> What to produce: Exclude all pictures. Then restate, word for word, the entries from the first line through the line that contains "Located on the".

Stored data: Begin

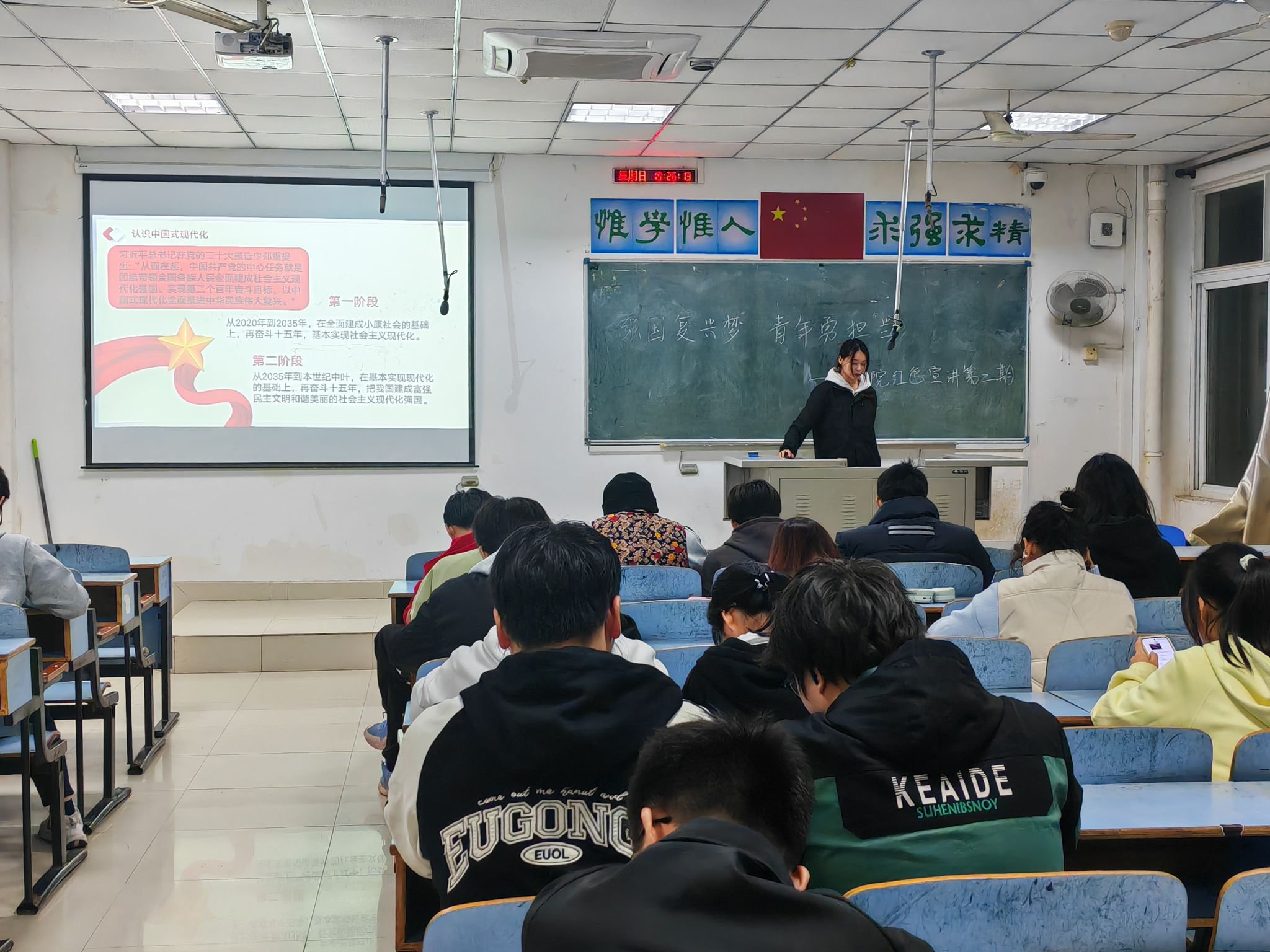 本次宣讲围绕感悟英雄事迹,认识中国式现代化展开。宣讲员以饱满的热情讲述了革命先烈为了民族独立和人民解放抛头颅、洒热血的英勇事迹,深入探讨了中国式现代化的内涵和意义,详细介绍了两个阶段的奋斗目标。宣讲员的讲述语言生动充满激情,聆听宣讲的同学们深受触动和鼓舞,现场掌声不断。
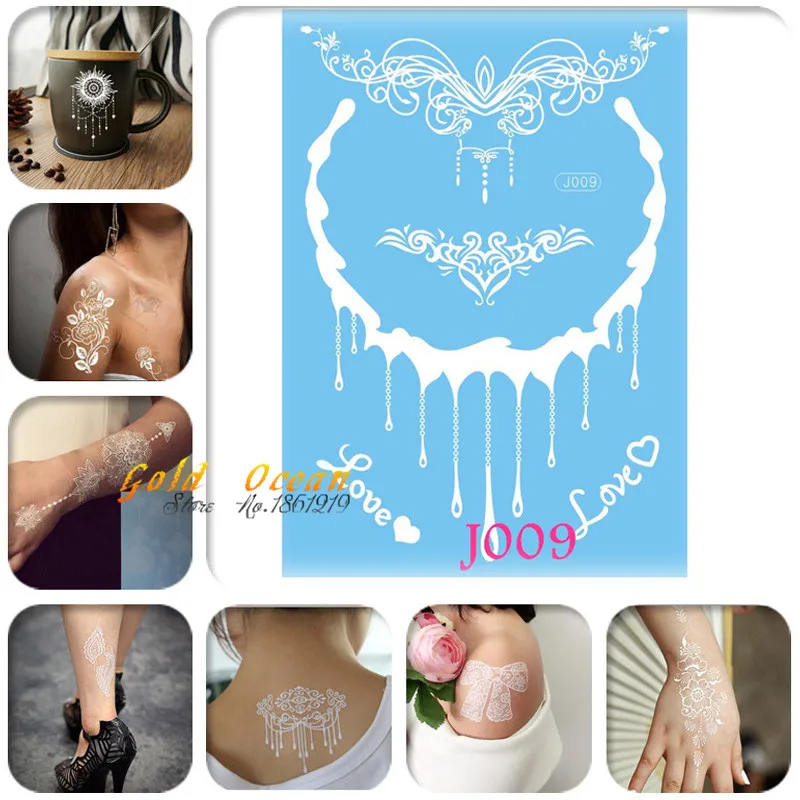1 шт. Горячая белая хна флэш металлическая татуировка стикер GJ009 лоза Корона Кулоны "любовь" Свадьба Татуировка Чокер белый на спине грудь шеи
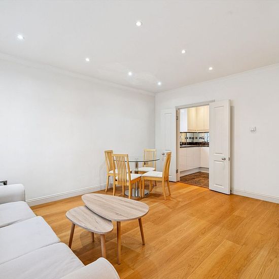 Located on the raised ground floor of a well-maintained building with porter and lift. The property offers a stylish living space, featuring wood flooring throughout and excellent natural light. The accommodation offers a bright and welcoming reception room that forms the natural centre of the home, with space for both relaxing and entertaining. A contemporary kitchen sits just off the living area, featuring integrated appliances and a practical layout. Both bedrooms are arranged along a corridor, providing a good sense of privacy from the m...
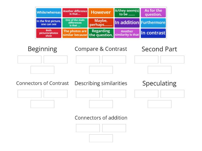 Beginning: Both pictures/photos show, In the first picture, one can see, Compare & Contrast: One of the main differences is that ...., Another difference is that...., Second Part: Regarding the question,, As for the question, , Connectors of Contrast: While/whereas, However, In contrast, Describing similarities: The photos are similar because, Another similarity is that, Speculating: Maybe, perhaps........, It/they seem(s) to be ......., Connectors of addition: In addition, Furthermore,
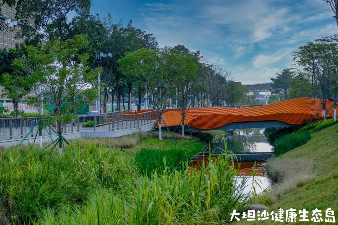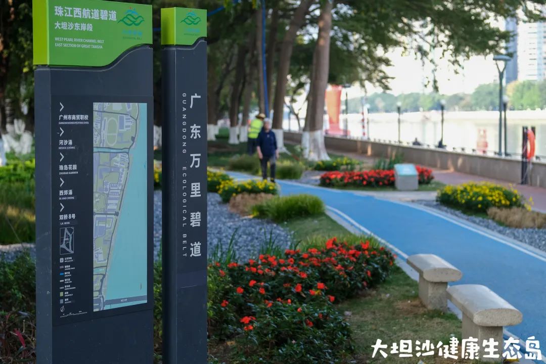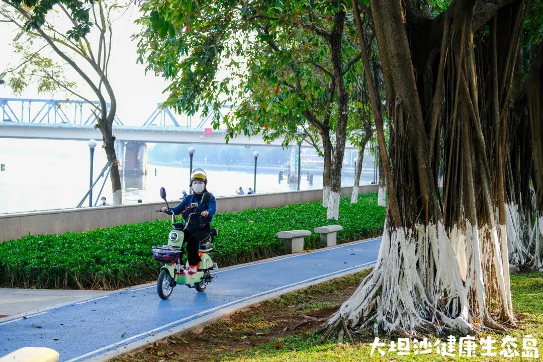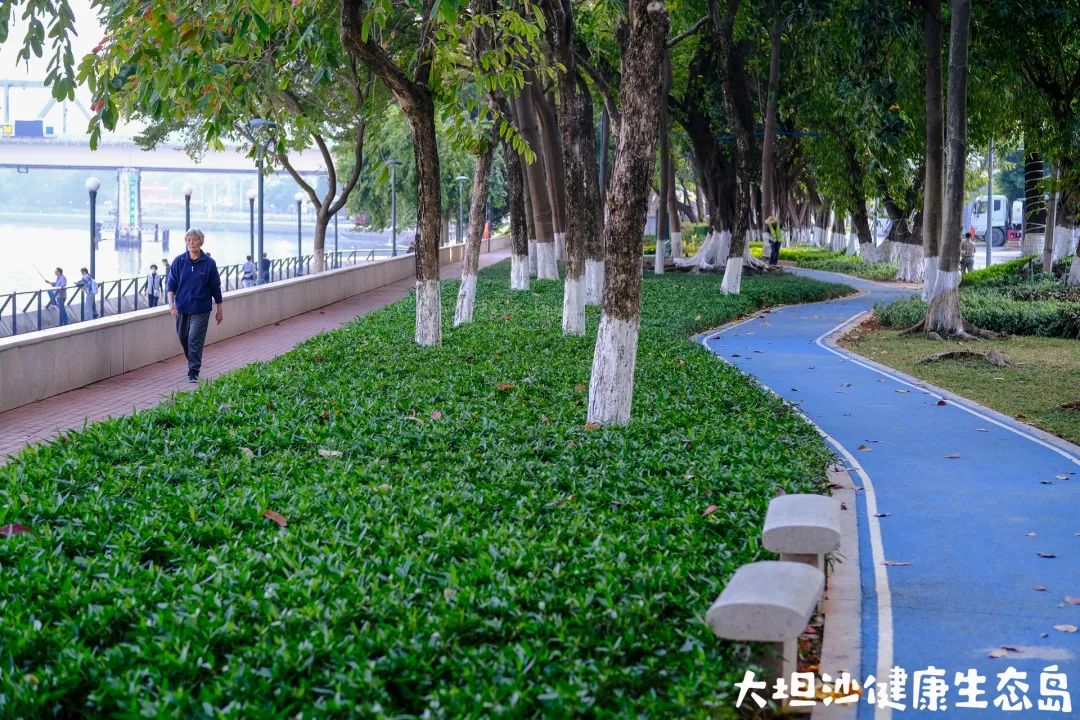 漫步大坦沙的东岸段碧道,清幽的生态树池,错落有致的园林造景,崭新的蓝色骑行道在沿路两旁绿植的映衬下格外醒目。
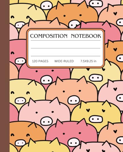 Cute Pig Composition Notebook: Wide Ruled Notebook | 7.5" x 9.25", 120 Pages, Adorable Kawaii Aesthetic, Great Gift for Kids, School and Office

Stored data: End

> Task answer:
 本次宣讲围绕感悟英雄事迹,认识中国式现代化展开。宣讲员以饱满的热情讲述了革命先烈为了民族独立和人民解放抛头颅、洒热血的英勇事迹,深入探讨了中国式现代化的内涵和意义,详细介绍了两个阶段的奋斗目标。宣讲员的讲述语言生动充满激情,聆听宣讲的同学们深受触动和鼓舞,现场掌声不断。
1 шт. Горячая белая хна флэш металлическая татуировка стикер GJ009 лоза Корона Кулоны "любовь" Свадьба Татуировка Чокер белый на спине грудь шеи
 Located on the raised ground floor of a well-maintained building with porter and lift. The property offers a stylish living space, featuring wood flooring throughout and excellent natural light. The accommodation offers a bright and welcoming reception room that forms the natural centre of the home, with space for both relaxing and entertaining. A contemporary kitchen sits just off the living area, featuring integrated appliances and a practical layout. Both bedrooms are arranged along a corridor, providing a good sense of privacy from the m...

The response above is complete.